━━━━━ AVAILABLE DATA

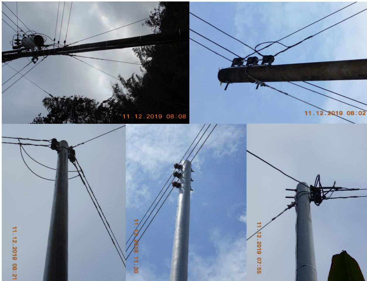
Figura 2. Fotografías Proyecto: Remodelación BT Nodos 6812-6814 Vereda La Laja del Municipio de Otanche (Boyacá). Bercall Ingeniería S.A.S (2019).

Este proyecto nace por la necesidad de remodelar el circuito de baja tensión de los Nodos 6812-6814 de la vereda la laja del municipio de Otanche, dada la antigüedad de las estructuras, presentada esta situación y haciéndose evidente el deterioro de las estructuras se hace necesaria la instalación de nueva posteria y de nuevos apoyos con el fin de dar seguridad y confiabilidad en el servicio de todos los usuarios.
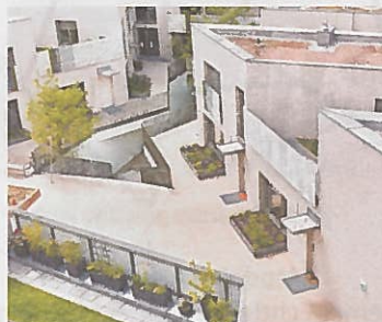
ODO lebt: Eine Fabrik im 16. Bezirk wurde zu Wohnraum. Entwickler: PRISMA. Architekt: querkraft zt
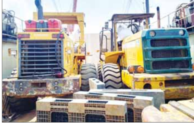
သစ်များတင်ချရန် Clark ကားများ စစ်တွေသို့ တင်ပို့သည့် ဓာတ်ပုံမှတ်တမ်း။
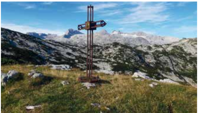
Gipfelkreuz mit Dachstein
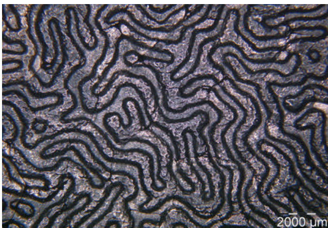
Bild 2. Mikroskopaufnahme einer Partikelschaumbooberfläche mit tiefer Narbstruktur

━━━━━━━━━━

# [ABOUT THIS TASK]
Return nothing except the lines from the line with "ODO lebt: Eine" through the last line of the records above, copied exactly and without pictures.

# [SOLVED EXERCISE]
ODO lebt: Eine Fabrik im 16. Bezirk wurde zu Wohnraum. Entwickler: PRISMA. Architekt: querkraft zt
သစ်များတင်ချရန် Clark ကားများ စစ်တွေသို့ တင်ပို့သည့် ဓာတ်ပုံမှတ်တမ်း။
Gipfelkreuz mit Dachstein
Bild 2. Mikroskopaufnahme einer Partikelschaumbooberfläche mit tiefer Narbstruktur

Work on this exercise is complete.